Bridge in Pennsylvania and New Jersey

The Interstate 78 Toll Bridge (I-78 Toll Bridge) carries Interstate 78 across the Delaware River between Williams Township, Pennsylvania, and Phillipsburg, New Jersey, in the Lehigh Valley region of eastern Pennsylvania and western New Jersey in the United States. The bridge opened on November 21, 1989, and is operated by the Delaware River Joint Toll Bridge Commission (DRJTBC). As of 2008, the bridge carried an average of 56,100 vehicles daily.

The span has an overall length of 1,222 ft and is a twin four girder span. A toll is charged only for traffic heading west into Pennsylvania. The toll plaza has four conventional lanes and two Express E-ZPass lanes.
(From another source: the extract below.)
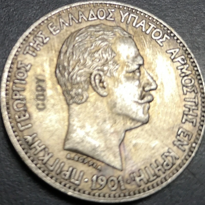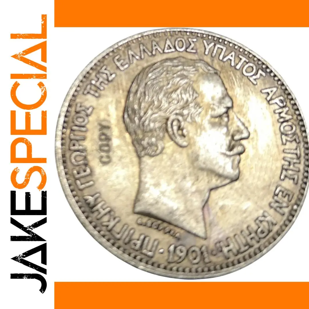 Discover the timeless charm of this intricately crafted replica coin inspired by early 20th-century European currency. Featuring a detailed portrait of a distinguished man with finely rendered hair swept back, prominent nose, and strong jawline, it exudes an authentic vintage aura. The surface displays a textured, aged finish, accented with darker tones in recessed areas to enhance contrast and depth. Surrounding the portrait, Greek inscriptions “ΤΗΣ ΕΛΛΑΔΟΣ ΥΠΑΤΟΥ ΑΡΧΟΝΤΟΣ” (Of Greece, High Commissioner) and the year “1901” highlight its historical significance. The coin is finished with a dotted border, adding decorative appeal, and is made from a durable metal material, perfect for collectors with an appreciation for antique European aesthetics. Its ornate design captures the elegance and craftsmanship of the era, making it an exceptional collectible piece for history enthusiasts.

Just after the toll plaza is the Pennsylvania Welcome Center.

The jurisdiction of the DRJTBC for the bridge extends between the first interchange on either side of the bridge, which includes 2.2 mi west along I-78 to just west of exit 75 in Pennsylvania and 4.2 mi east in New Jersey to exit 3.

==Tolls==
Tolls on the Interstate 78 Toll Bridge are incurred only by motorists leaving New Jersey and entering Pennsylvania. There is no toll for those leaving Pennsylvania and entering New Jersey. On January 7, 2024, tolls on the I-78 Toll Bridge increased to $1.50 for motorists entering Pennsylvania with E-ZPass and $3.00 for motorists entering Pennsylvania without E-ZPass.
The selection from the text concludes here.